• WHAT TO DO
Only the lines from the beginning of the data through the one with "1. 一般地,如果在一个变化过程中有两个变量 $" belong in the answer, each retyped exactly, with pictures left out.

• SOURCE MATERIAL
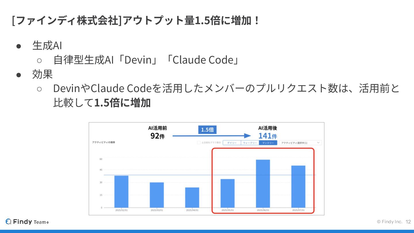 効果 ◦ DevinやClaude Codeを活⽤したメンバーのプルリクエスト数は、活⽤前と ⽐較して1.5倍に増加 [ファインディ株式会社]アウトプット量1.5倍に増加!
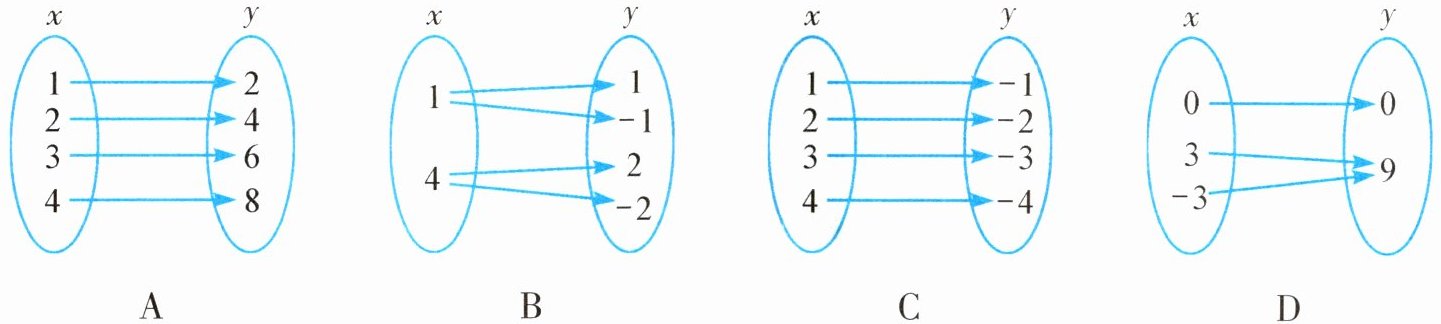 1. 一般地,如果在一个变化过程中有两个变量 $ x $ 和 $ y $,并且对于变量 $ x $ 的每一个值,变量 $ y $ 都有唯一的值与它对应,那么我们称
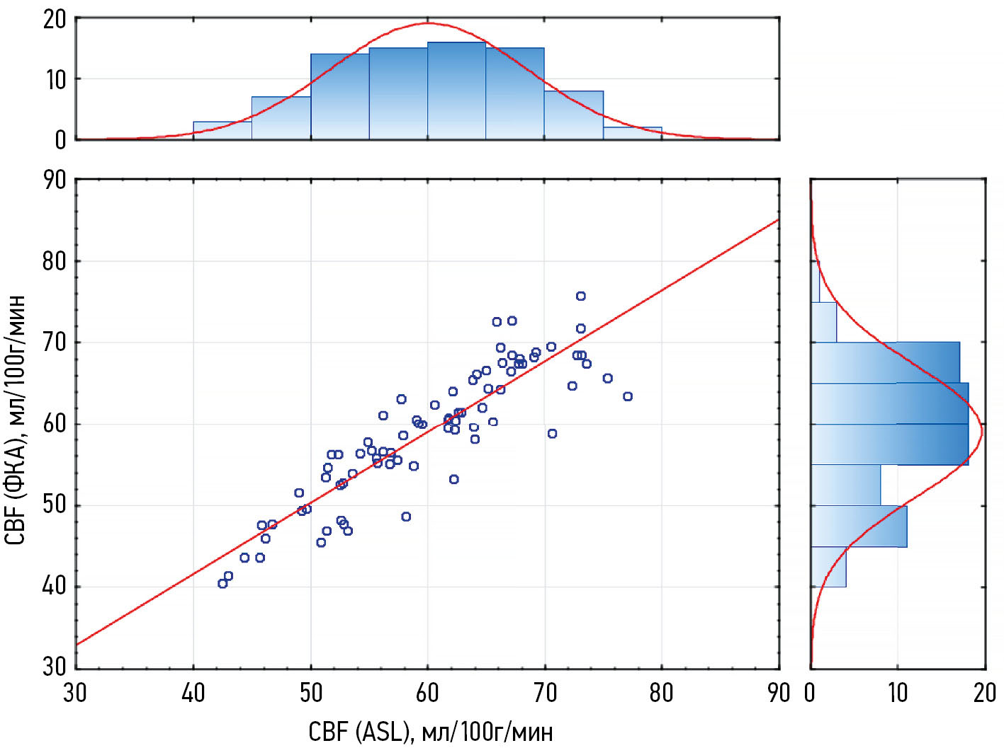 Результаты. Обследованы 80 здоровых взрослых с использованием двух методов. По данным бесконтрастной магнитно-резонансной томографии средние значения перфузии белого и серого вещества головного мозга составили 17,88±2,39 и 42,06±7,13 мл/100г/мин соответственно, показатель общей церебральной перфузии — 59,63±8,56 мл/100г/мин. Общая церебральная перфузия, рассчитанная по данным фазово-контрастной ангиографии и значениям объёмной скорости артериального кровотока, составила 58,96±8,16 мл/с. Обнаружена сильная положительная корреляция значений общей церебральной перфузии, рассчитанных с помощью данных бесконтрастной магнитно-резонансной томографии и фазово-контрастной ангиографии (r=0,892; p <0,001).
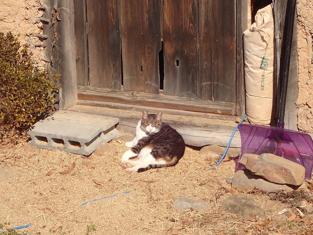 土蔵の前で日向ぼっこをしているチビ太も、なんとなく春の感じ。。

• WRITTEN SOLUTION
 効果 ◦ DevinやClaude Codeを活⽤したメンバーのプルリクエスト数は、活⽤前と ⽐較して1.5倍に増加 [ファインディ株式会社]アウトプット量1.5倍に増加!
 1. 一般地,如果在一个变化过程中有两个变量 $ x $ 和 $ y $,并且对于变量 $ x $ 的每一个值,变量 $ y $ 都有唯一的值与它对应,那么我们称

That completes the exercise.